B Both cell respiration and photosynthesis use chemiosmosis to generate ATP.
This is noncyclic photophosphorylation. 1.Water is split to make replacement e -, H + and O 2. 2.There are two photosystems involved. 3.NADP is reduced to NADPH.
Cyclic photophosphorylation is considered to be a more ancient biochemical pathway. It is found in most photosynthetic bacteria and all photosynthetic eukaryotes. It consist of one photosystem (PSI) and a simple electron transport chain. At the end of the electron transport chain, the electron is returned to PS I. That being the case, water is not split, nor is NADP reduced. One part of the electron carrier does pump H + across the thylakoid membrane to make ATP. Cyclic photophosphorylation does not provide hydrogens for the reduction of carbon dioxide to make a carbohydrate. So therefore quite often the hydrogens come from H 2 S. In photosynthetic, eukaryotic cells, two photosystems (II & I) work together to form noncyclic photophosphorylation.
Cooperation of the two photosystems is required for A) ATP synthesis. B) reduction of NADP +. C) cyclic photophosphorylation. D) oxidation of the reaction center of photosystem I. E) generation of a proton-motive force.
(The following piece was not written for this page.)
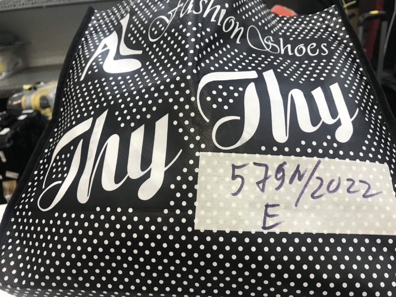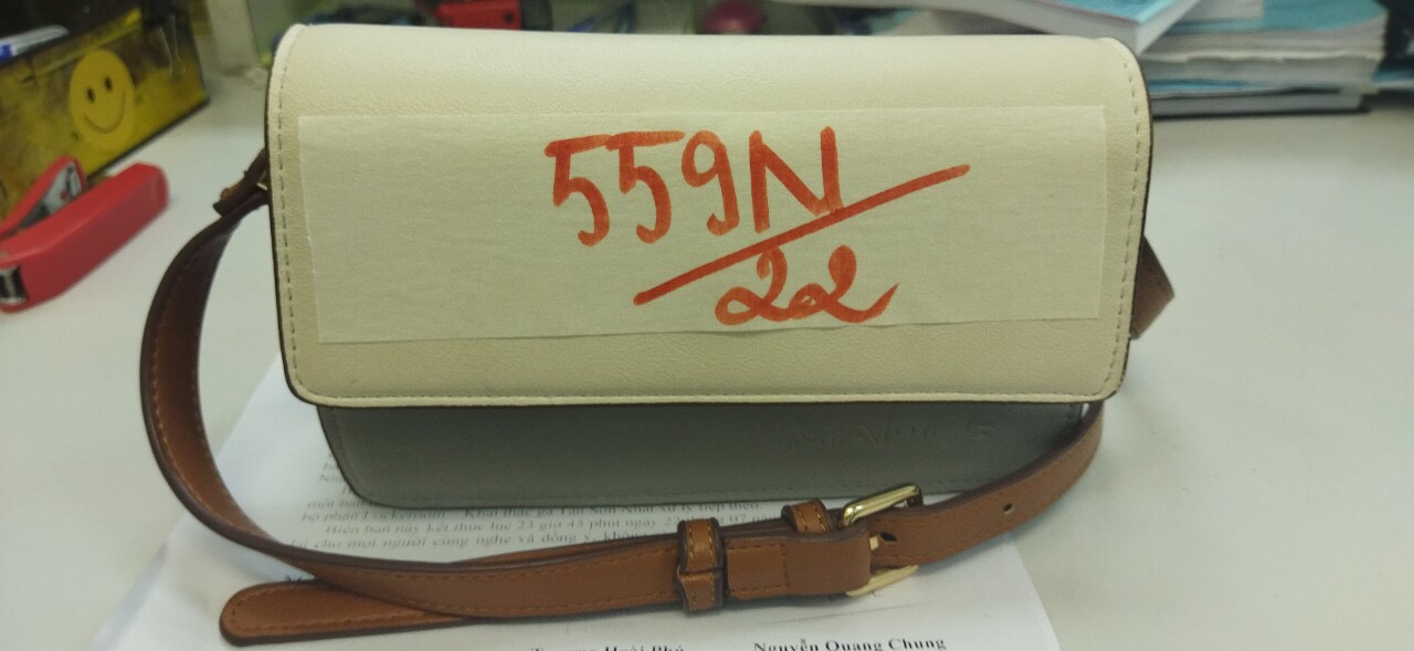 Ngày tiếp nhận: 27/07/2022 Mã hồ sơ: 579N2022E Mô tả: 01 túi xách"THY THY" bên trong có quần áo cũ và đồ dùng cá nhân đã qua sd và 01 đôi giầy. Vị trí: An ninh soi chiếu quốc nội |

B When two photosystems are involved, NADP is reduced, water is split, oxygen is produced. This is noncyclic photophosphorylation. Both cyclic and noncyclic photophosphorylation involve the synthesis of ATP with a generation of proton- motive force. Cyclic photophosphorylation only involves one photosystem.
Which of the following statements is a correct distinction between cyclic and noncyclic electron flow? A) Only noncyclic electron flow produces ATP. B) In addition to ATP, cyclic electron flow also produces O 2 and NADPH. C) Only cyclic electron flow utilizes light at 700 nm. D) Chemiosmosis is unique to noncyclic electron flow. E) Only cyclic electron flow can operate in the absence of photosystem II.
E Noncyclic photophosphorylation has two photosystems and cyclic photophosphorylation only has one photosystem as shown above.